With a working prototype, we visited the hospital to test its performance against clinical equipment. The same patient was hooked up simultaneously to our device and the clinical EEG machine to detect neural activity.
Our device worked! We proved the concept of a portable, non-invasive device to track seizures outside a hospital.
Visual Design and Brand Identity
For the device's visual design, I wanted to use soothing visuals to address the psychological distress associated with epilepsy. Tackling epilepsy challenges is hard work, and people need support and encouragement to feel empowered.
I conducted a second round of user research, and these two women helped me identify the vibe I wanted the branding to achieve. Their openness and ability to find beauty and peace amidst a challenging situation was the inspiration for my visual design.
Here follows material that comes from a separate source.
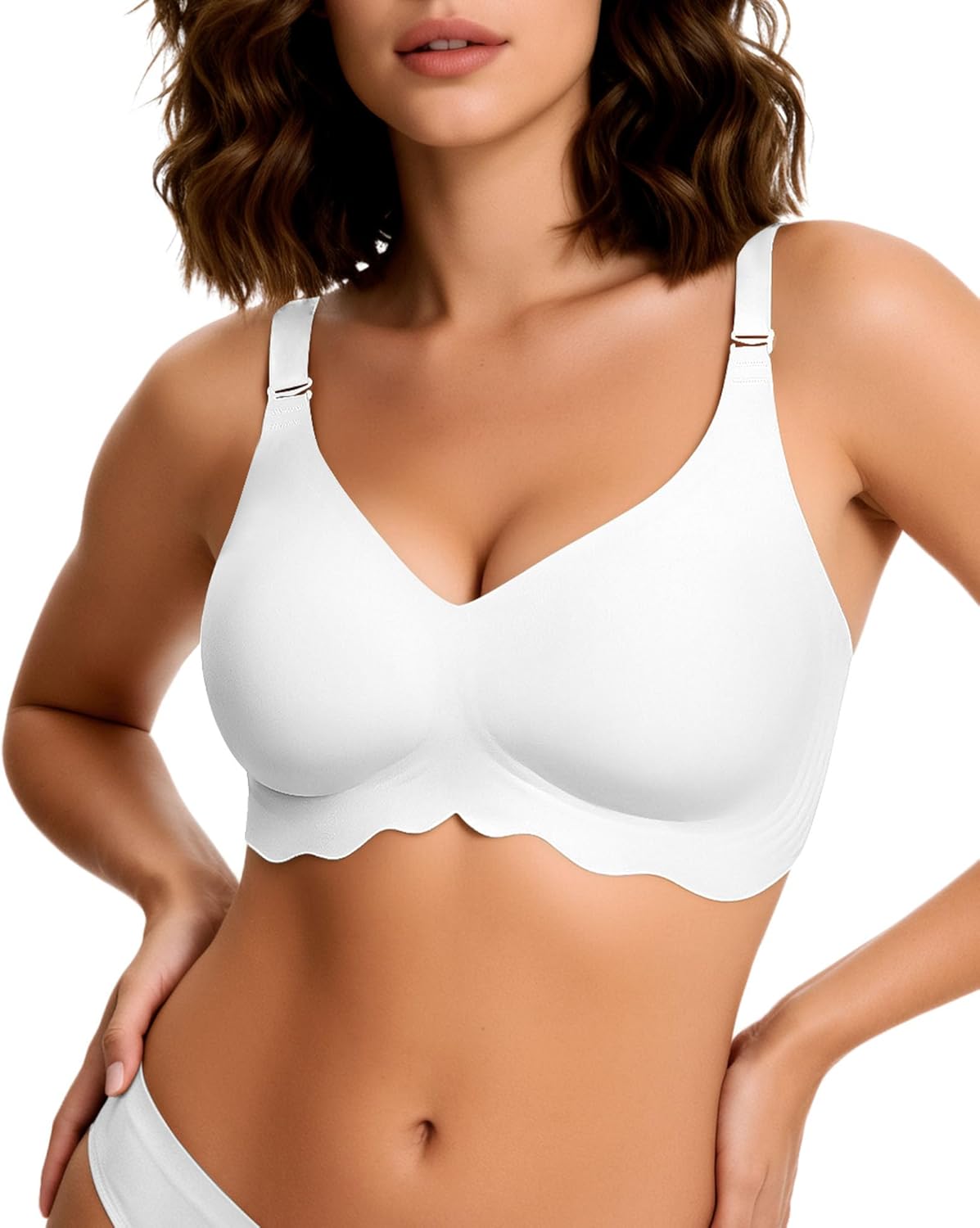 HORISUN Wireless T Shirt Bra Seamless Push Up Bralette Full Coverage V Neck Comfortable Bras for Women

The board conveys an active, confident, and peaceful life. Overcoming challenges can lead to a greater appreciation for life–which is a hidden beauty, like this peacock feather, the flowers on a cactus, or the colorful inside of a geode. I wanted to bring this idea to the device's DNA.
Type and color studies
Purple is the color of the Epilepsy Foundation and thus helps to reinforce the connection to the medical community. I chose Arima Madurai as the logo font-face because of its friendly and fluid appearance, and Lora as the body font-face for its more traditional serif style for medical gravitas.
The style guide portrays a simple, active and calm lifestyle.
Solution and Customer Journey
The Peek device tracks seizures outside of a hospital—using only two electrodes connected to a belt box that records neural activity. We built a working prototype of the device, and I designed the user experience of the device, mobile app, and website, as well as the branding.
An epilepsy patient orders the Peek device online through a desktop or mobile website.
The device arrives in a packaged cube. The patient applies the electrodes and snaps the wires to connect the electrodes to the recording box, which clips onto the patient's belt.
The patient wears the device for one month, maintaining their current lifestyle outside of the hospital.
After one month, the patient reviews their results through a mobile app and receives an updated personalized prescription.
Identifying business partners
Getting buy-in from doctors will be essential to the product's success. I used ArcGIS to find early partners to launch the MVP and collect feedback. Because epilepsy is not concentrated in a certain geographic location, I identified areas that were likely to have 1) more people, thus more people with epilepsy, and 2) overall higher spend on healthcare. I made the assumption that clinics in areas with these two characteristics might be more interested in working with us.
The Peek device is not yet on the market. Medical researchers at Yale are working on solidifying the electronics and battery design before it's ready to be worn by a patient for a month.